Analyze user journeys, session duration, and engagement patterns to understand how users navigate through your application.

Applications Sessions

Analyze user journeys, session duration, and engagement patterns to understand how users navigate through your application.

The Sessions tab in Discover > Applications provides detailed insights into user behavior patterns, session duration, and navigation paths. Understand how users interact with your application and identify drop-off points or problematic user flows.
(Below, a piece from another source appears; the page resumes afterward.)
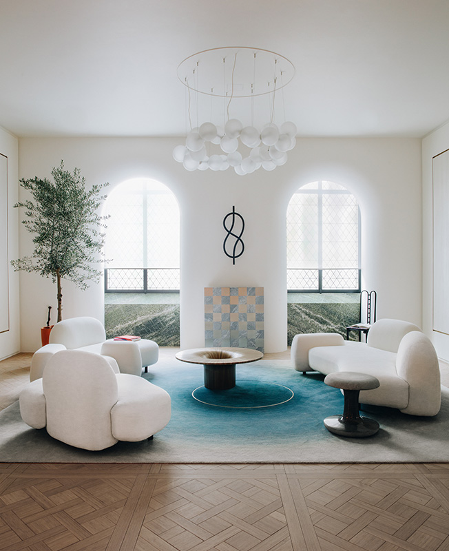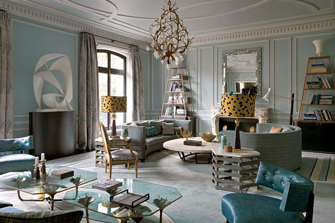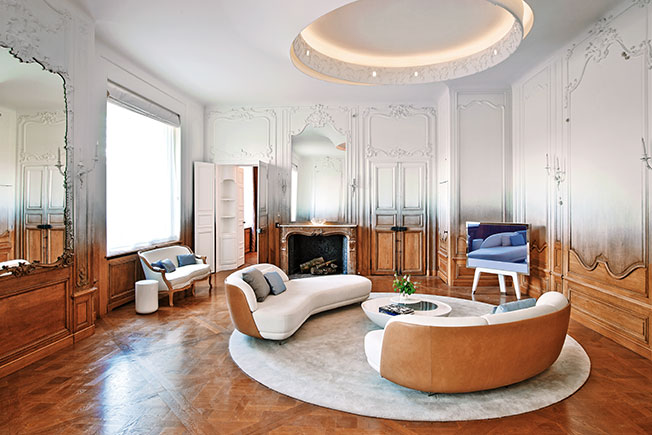 Жан-Луи Деньо. Парижская гостиная. Ковер с градиентом вторит оттенку стен и мягкой мебели.
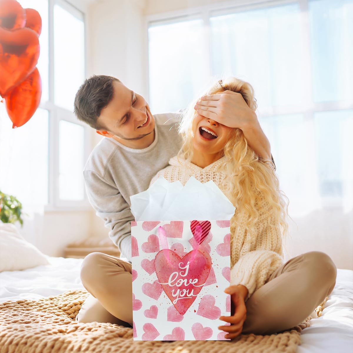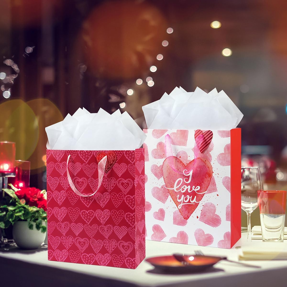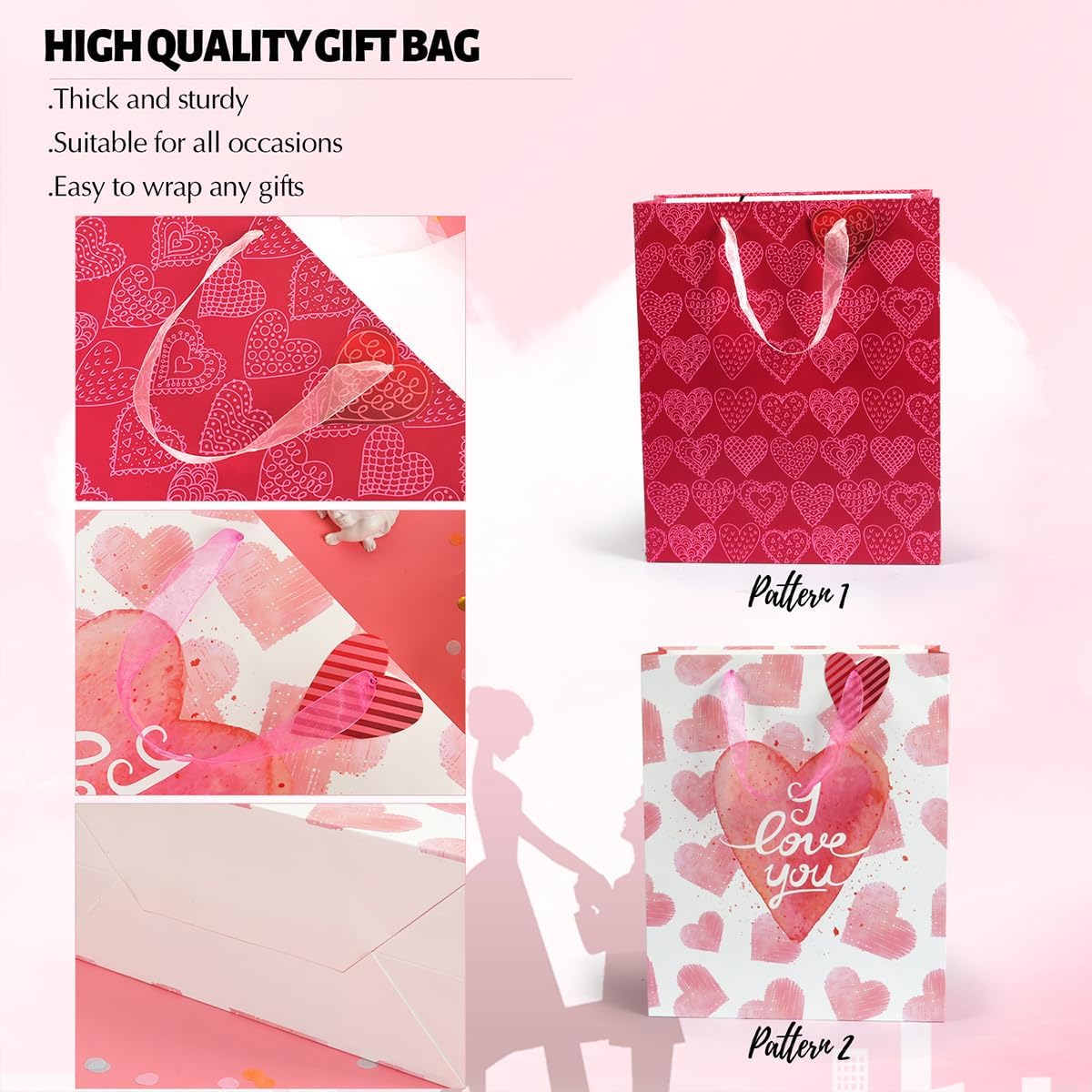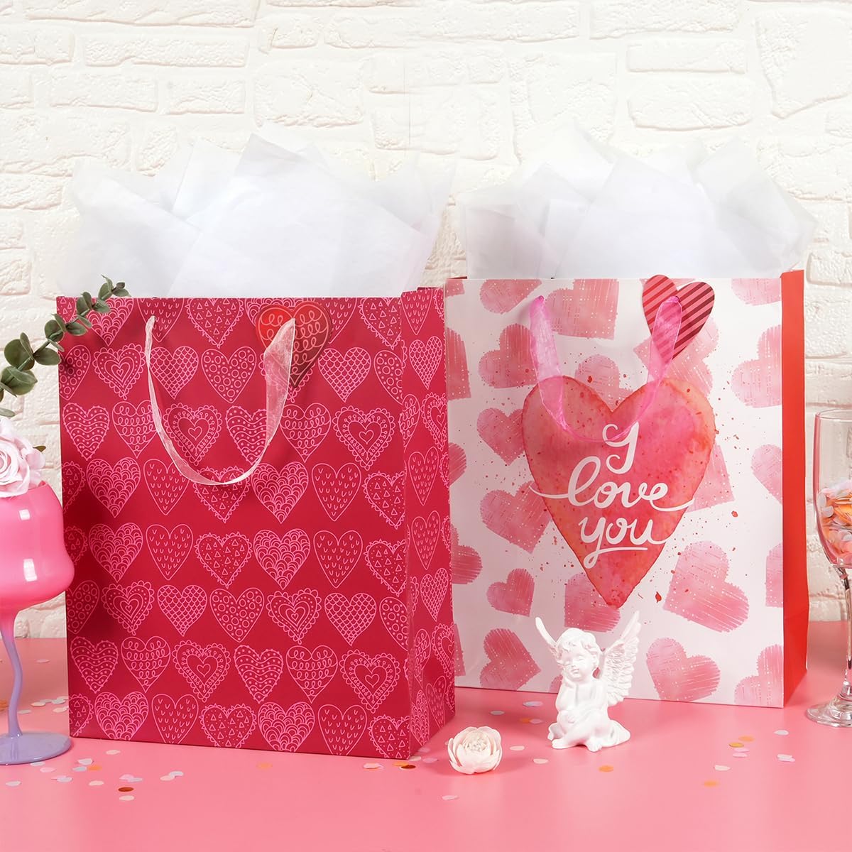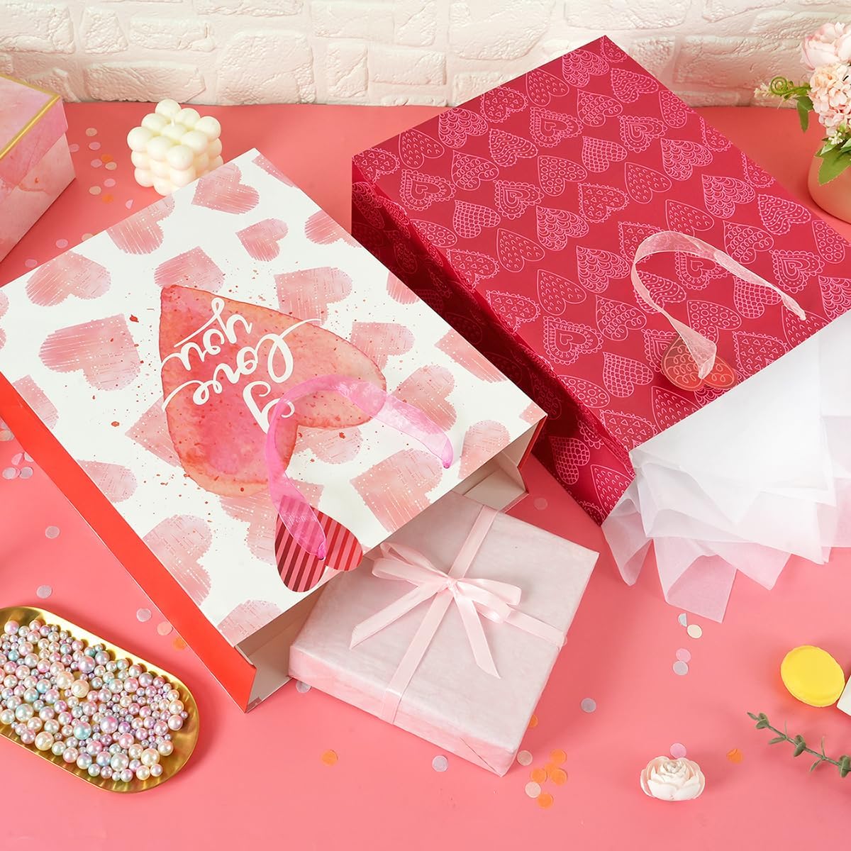 Sacchetto regalo cuore rosso: il set di sacchetti regalo cuore rosso include 2 sacchetti regalo di lusso. L'aspetto raffinato mostra amore per il destinatario ed è sicuramente un punto culminante per tutte le occasioni. SET DI BORSE REGALO GRANDE: il sacchetto regalo per donna misura 32 x 26 x 11 cm, abbastanza grande per regali multipli e ottimo per regali più grandi. Sacchetti regalo rossi e rosa: sacchetto regalo grande disegnato con 2 diversi motivi di cuore, un grande cuore rosa con le lettere "I Love You" e diversi stili di cuori rossi. La borsa regalo è dotata anche di un manico a nastro per un tocco di lusso, fantastica borsa regalo per ragazze e donne. Sacchetti di carta di alta qualità: i sacchetti regalo sono realizzati in carta di cartone spessa di alta qualità, robusti e ben fatti, non facili da strappare o rompere, le maniglie sono fissate saldamente e non cadono facilmente. Tutte le occasioni: questi sacchetti regalo di carta sono pratici e perfetti per San Valentino, festa della mamma, compleanno, matrimonio, fidanzamento, baby shower, addio al nubilato, Ringraziamento, anniversari, Capodanno, Natale e altre occasioni speciali.

Understanding Sessions and Views

What is a Session?

A session represents a period of continuous user activity. The scoping rules differ by platform:

Web

  • Tab-based: each browser tab creates a separate session, even for the same user
  • Maximum duration: sessions automatically end after 4 hours. If a user is actively browsing when the 4-hour limit is reached, a new session begins automatically
  • Independent tracking: multiple tabs from the same user are tracked as separate sessions

Mobile

  • App-install-based: one session per app install at a time — not per tab. Multiple app launches within the idle window join the same session.
  • Idle timeout: sessions roll over when the app stays backgrounded past the SDK’s idle threshold
  • Maximum duration: sessions also roll over when they exceed the configured max duration, matching web behavior

What is a View?

A view represents a discrete user-facing screen within a session.

Web

  • A view is a page load. Only actual page navigation creates new views — query parameter changes (e.g. /products?category=shoes/products?category=shirts) do not create new views.

Mobile

  • A view is a screen transition: Activity lifecycle on Android, view-controller lifecycle on iOS, NavigatorObserver push on Flutter, React Navigation state change on React Native. Screen name comes from the SDK’s automatic tracking or an explicit startView(name) call.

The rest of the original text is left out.